Defining a numeric (custom) likelihood function in PyMC3

(This is a question I asked over at SO but now I think it might be more suited for this forum, so I’m basically re-posting it here. Let me know if this is not advised)

After looking at several questions/answers and PyMC3’s, I’ve managed to create a minimal working example of my MCMC setup (see below).

My fitted parameters are continuous and discrete, so the priors are defined using pm.Uniform and pm.DiscreteUniform (with a re-scaling applied to the latter). My likelihood function is particularly convoluted (it involves comparing the N-dimensional histograms of my observed data and some synthetic data generated using the free parameters), so I had to write it using theano's @as_op operator.

The implementation shown here works on a toy model working on random data, but in my actual model the likelihood and parameters are very similar.

My questions are:

  1. Is this correct? Is there anything I should be doing different?
  2. The call to the likelihood function is just thrown there apparently doing nothing and connected to nothing. Is this the proper way to do this?
  3. I’m using NUTS for the continuous parameters but since my likelihood is numeric, I don’t think I should be able to do this.

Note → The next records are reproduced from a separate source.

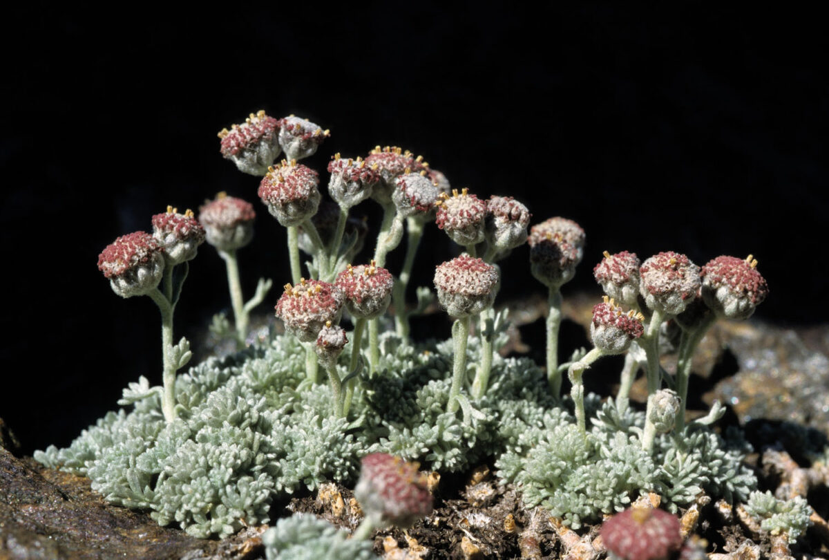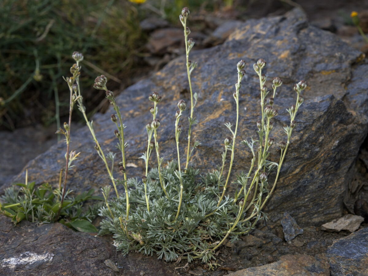 Matilla cespitosa, blanco–serícea. Tallos erectos, simples o poco ramosos. Hojas alternas, las basales de hasta 1,5(2) cm, numerosas, pecioladas, 2–3–palmatisectas, de contorno flabelado; las superiores tripartidas o enteras; segmentos (0,3)0,5–1,2(1,5) mm de anchura. Capítulos 5–8 mm de diámetro, disciformes, erectos, hemisféricos, solitarios o 2–4(5) en panícula corimbiforme; brácteas en varias filas, ovado–oblongas, con margen escarioso oscuro, muy pelosas; receptáculo glabro. Flores flosculosas, numerosas (30–80), las externas femeninas, las internas hermafroditas, de ápice púrpura–oscuro y muy peloso. Aquenios sin vilano
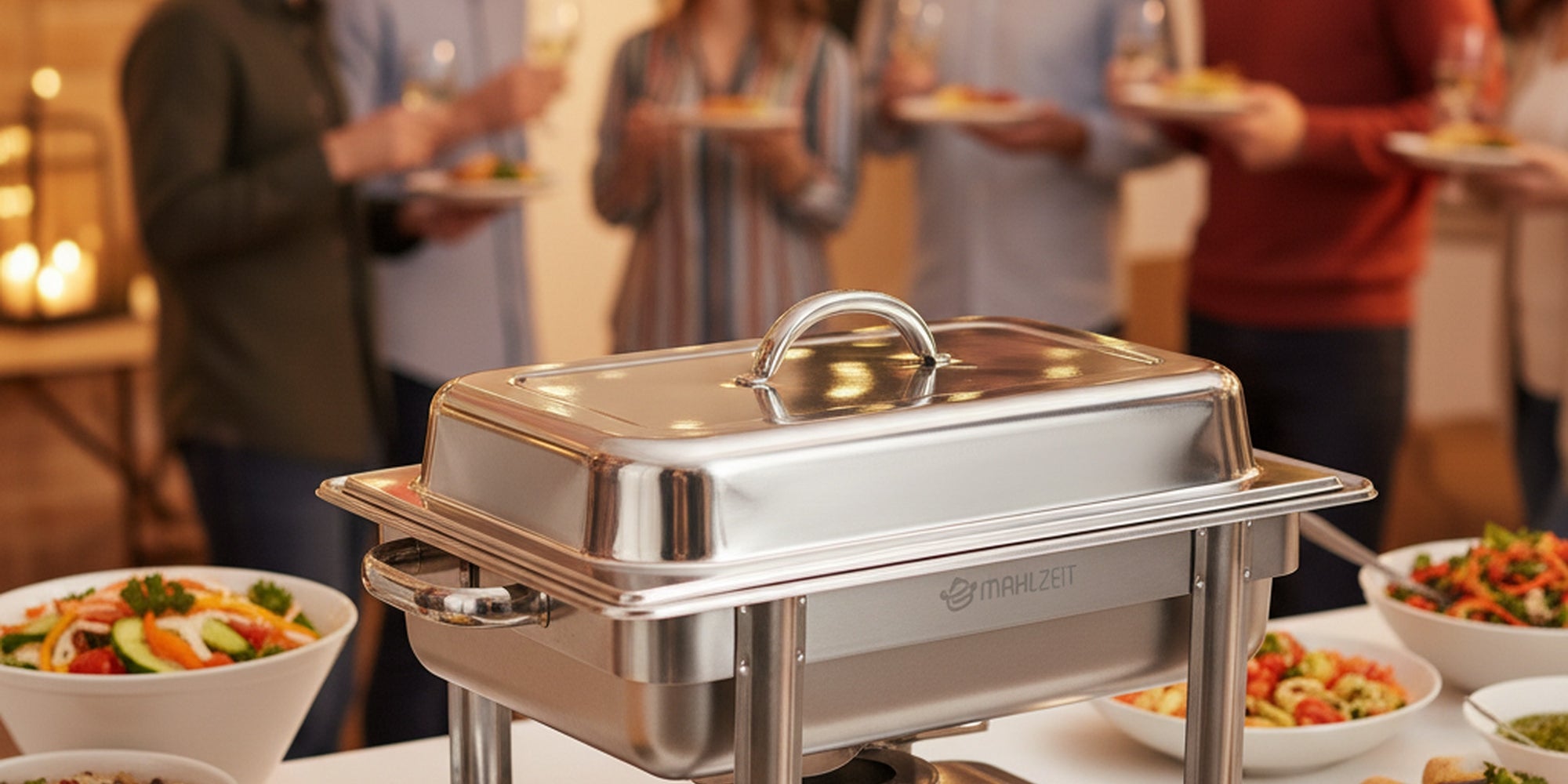 €39,95Stainless steel chafing dish, 4 liters, 1/2 GN food warmer/heating container, for catering and buffets
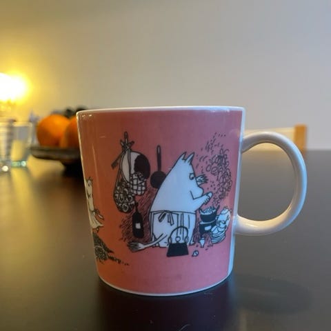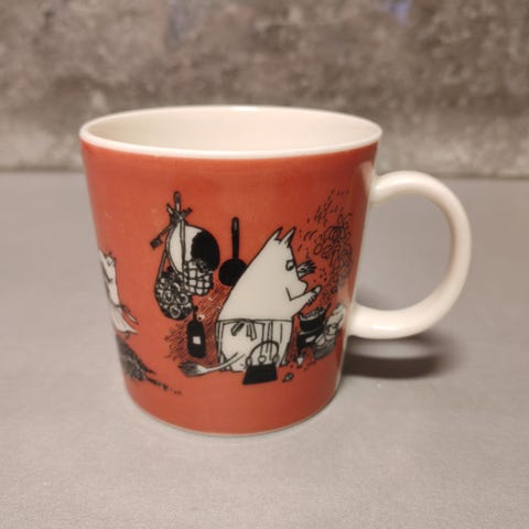 Arabia Muumimuki Tumma Roosa, tunnetaan myös nimillä Mammamuki, Roosa Mamma, ysärimamma, ysärimuki, Roosa Muumimamma.
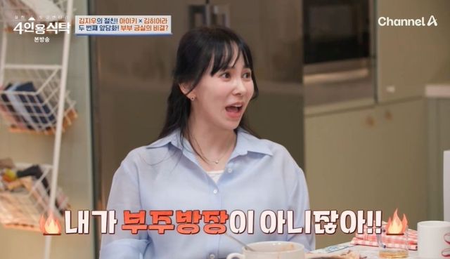 7일 방송된 채널A ‘절친 토큐멘터리-4인용 식탁’에서는 김지우가 김히어라, 아이키를 초대했다.
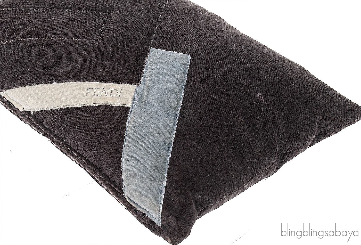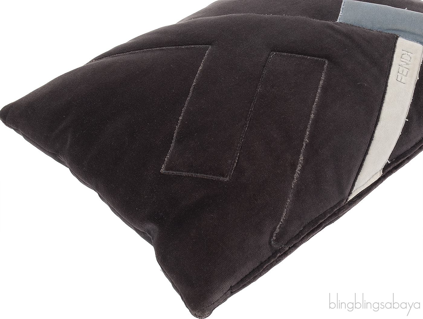 This Fendi Grey cushion is crafted in a soft charcoal velvety fabric, featuring a subtle embroidered geometric design. Accented with a light blue fabric band and iconic FENDI logo2 tag for a refined designer touch. Finished with a zip closure and and and FENDI metal plate label. Perfect for elevating any luxury interior.
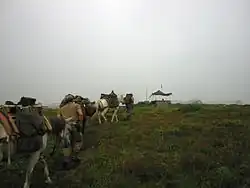 Soldaten des Eins-/AusbZ TrgTWes 230 und PzGrenBtl 391 bei der Versorgung des Observation Point Zitadelle (auf 2400 m Seehöhe) während der Tragtiererprobung des deutschen Heereskontingentes im Kosovo mit ausschließlich einheimischen Tragtieren, 2002
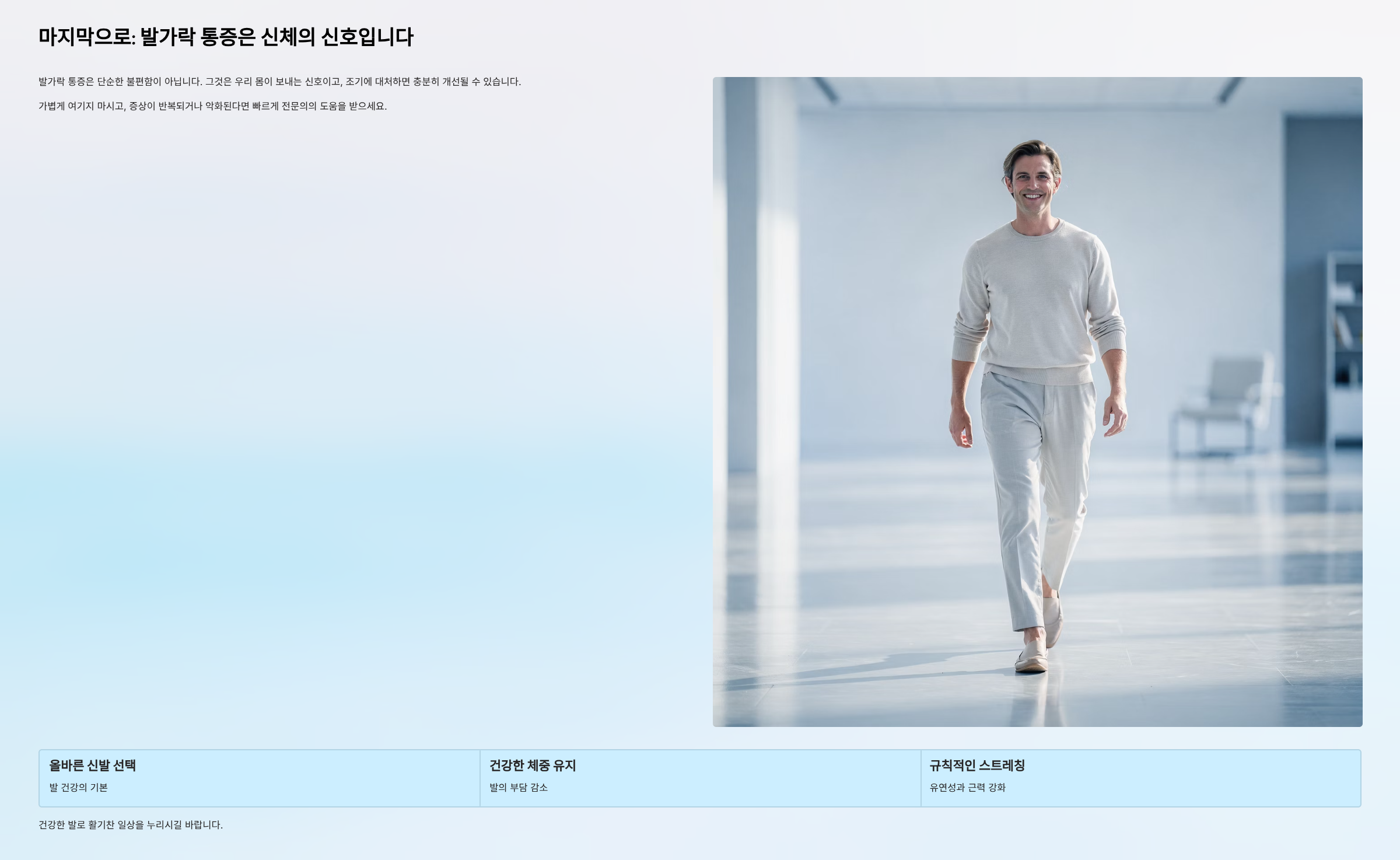 발가락 통증은 단순한 불편함이 아닙니다. 그것은 우리 몸이 보내는 신호이고, 조기에 대처하면 충분히 개선될 수 있습니다. 가볍게 여기지 마시고, 증상이 반복되거나 악화된다면 빠르게 전문의의 도움을 받으세요. 올바른 신발 선택, 건강한 체중 유지, 규칙적인 스트레칭은 발 건강을 지키는 가장 기본이자 가장 효과적인 방법입니다. 건강한 발로 활기찬 일상을 누리시길 바랍니다.

Since the code still runs, I’m nut sure what’s going on.

This is the first time I’ve used PyMC3 so any pointers will be really helpful.

import matplotlib.pyplot as plt
import numpy as np
import pymc3 as pm
import theano.tensor as tt
from theano.compile.ops import as_op


def main():
    trace = bayesMCMC()
    print(pm.summary(trace))
    pm.traceplot(trace)
    plt.show()


def bayesMCMC():
    """
    Define and process the full model.
    """
    with pm.Model() as model:
        # Define uniform priors.
        A = pm.Uniform("A", lower=0., upper=5.)
        B = pm.Uniform("B", lower=10., upper=20.)
        C = pm.Uniform("C", lower=0., upper=1.)

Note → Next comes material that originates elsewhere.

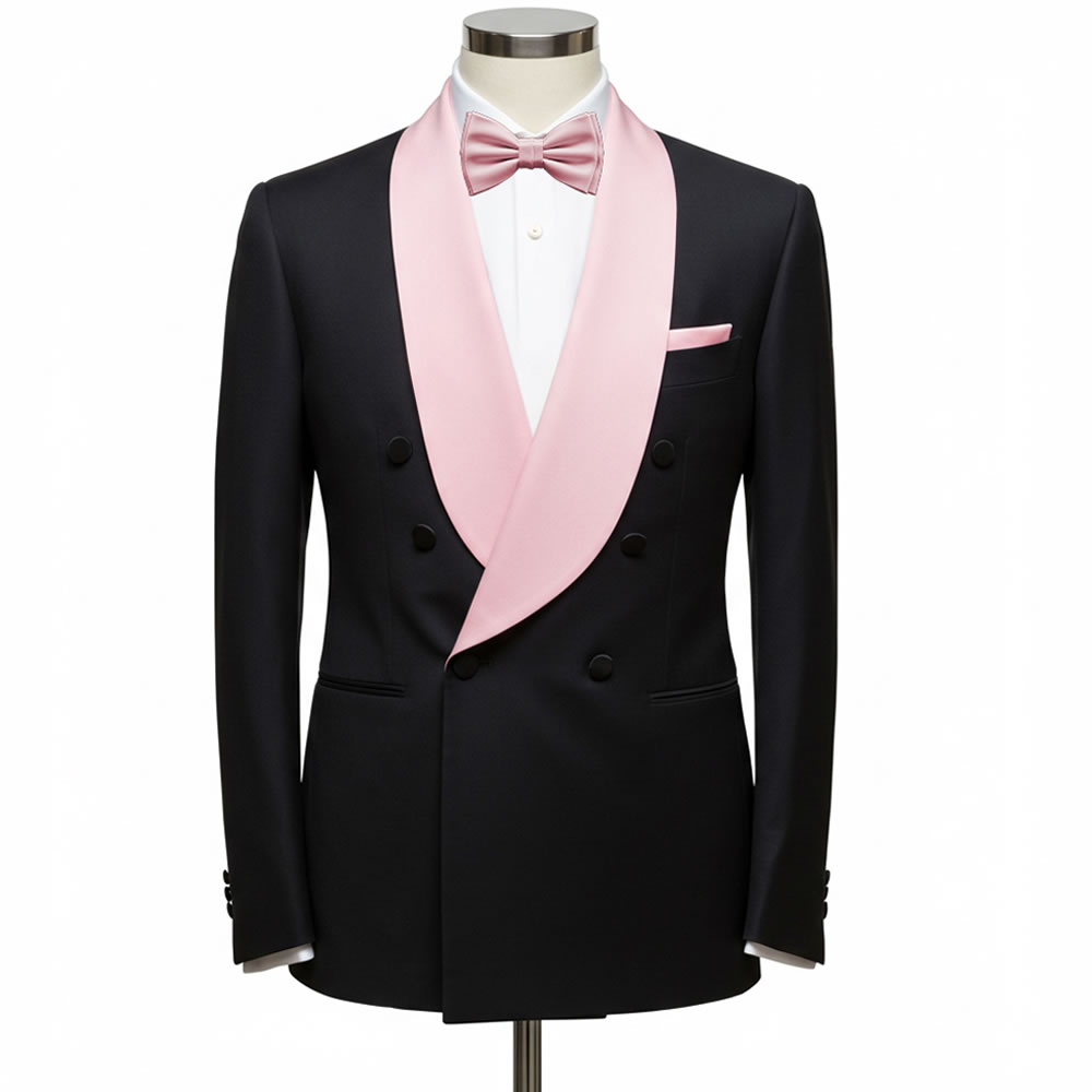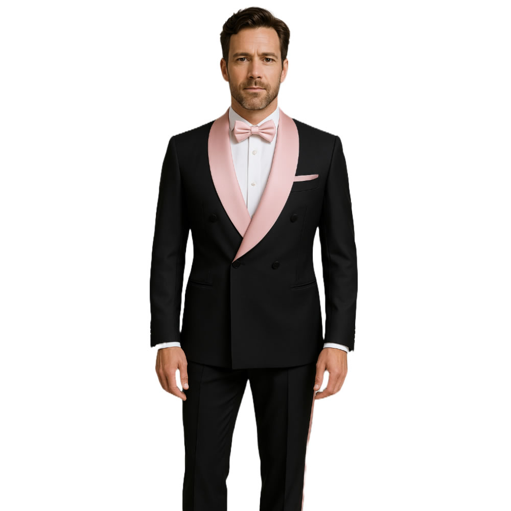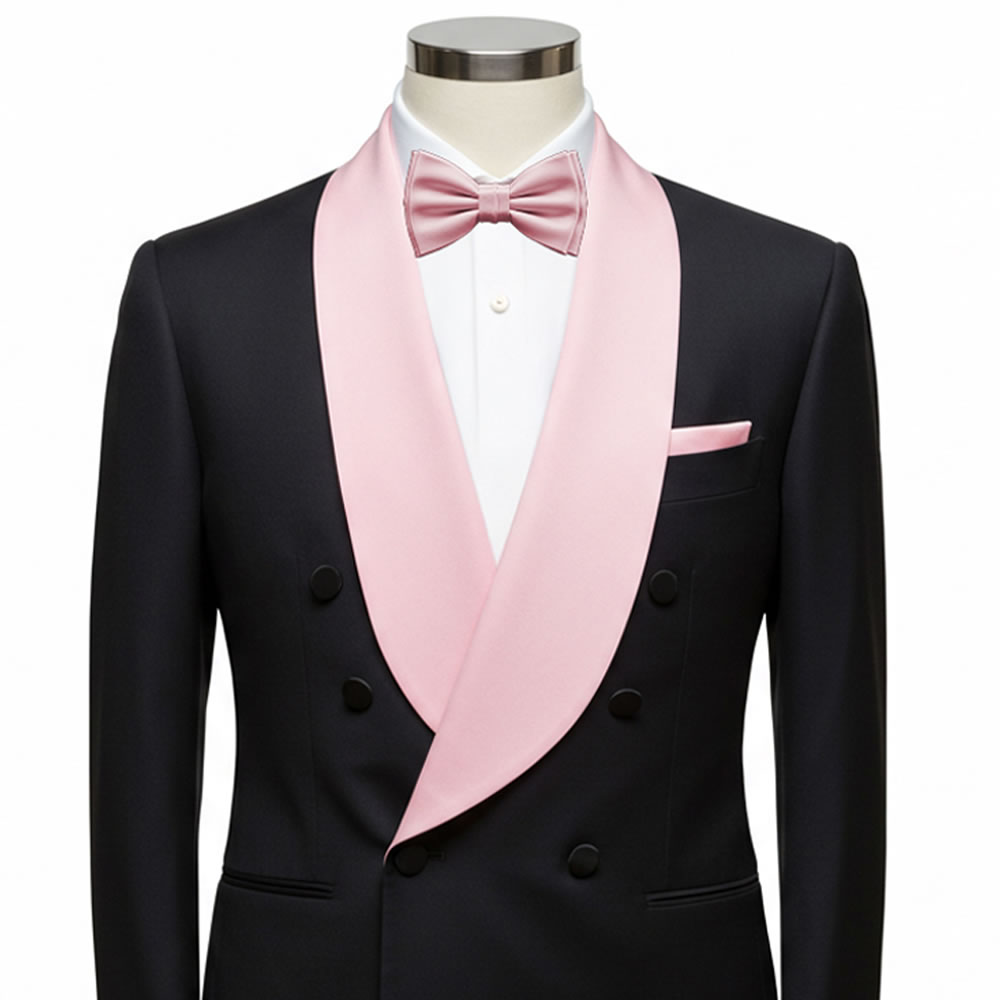 Picture this: You walk in. The black fabric drapes like liquid confidence. The pink lapel? A wink of rebellion in a sea of monotony. This tuxedo’s for the guy who’s tired of blending in – maybe a groom who wants his suit to match his bride’s bouquet, or a prom date who’s done with basic black. Lightweight, tailored, and built to move with you (no starched-stiff disasters).
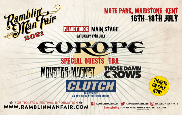 Who? Clutch will headline the main stage on Friday, while Europe will top the bill on Saturday. Other acts confirmed include Monster Magnet, Those Damn Crowes, Foghat, the Quireboys, Massive Wagons, the Steel Woods, the New Roses, Bad Touch, Hands off Gretel, These Wicked Rivers, Curved Air, Pure Reason Revolution, Moon Safari, Lazuli, Blurred Vision, Eric Gales, Samantha Fish, the Inspector Cluzo, Connor Selby, and Blindstone.

        # Define discrete priors.
        minD, maxD, stepD = 0.005, 0.06, 0.005
        ND = int((maxD - minD) / stepD)
        D = pm.DiscreteUniform("D", 0., ND)
        minE, maxE, stepE = 9., 10., 0.05
        NE = int((maxE - minE) / stepE)
        E = pm.DiscreteUniform("E", 0., NE)

        # Is this correct??
        logp(A, B, C, D, E)

        step1 = pm.NUTS(vars=[A, B, C])
        print("NUTS")
        step2 = pm.Metropolis(vars=[D, E])
        print("Metropolis")

        trace = pm.sample(300, [step1, step2])  # , start)

        return trace


@as_op(
    itypes=[tt.dscalar, tt.dscalar, tt.dscalar, tt.lscalar, tt.lscalar],
    otypes=[tt.dscalar])
def logp(A, B, C, D, E):
    """
    Likelihood evaluation.
    """
    # Get observed data and some extra info to re-scale the discrete parameters
    obsData, minD, stepD, minE, stepE = obsservedData()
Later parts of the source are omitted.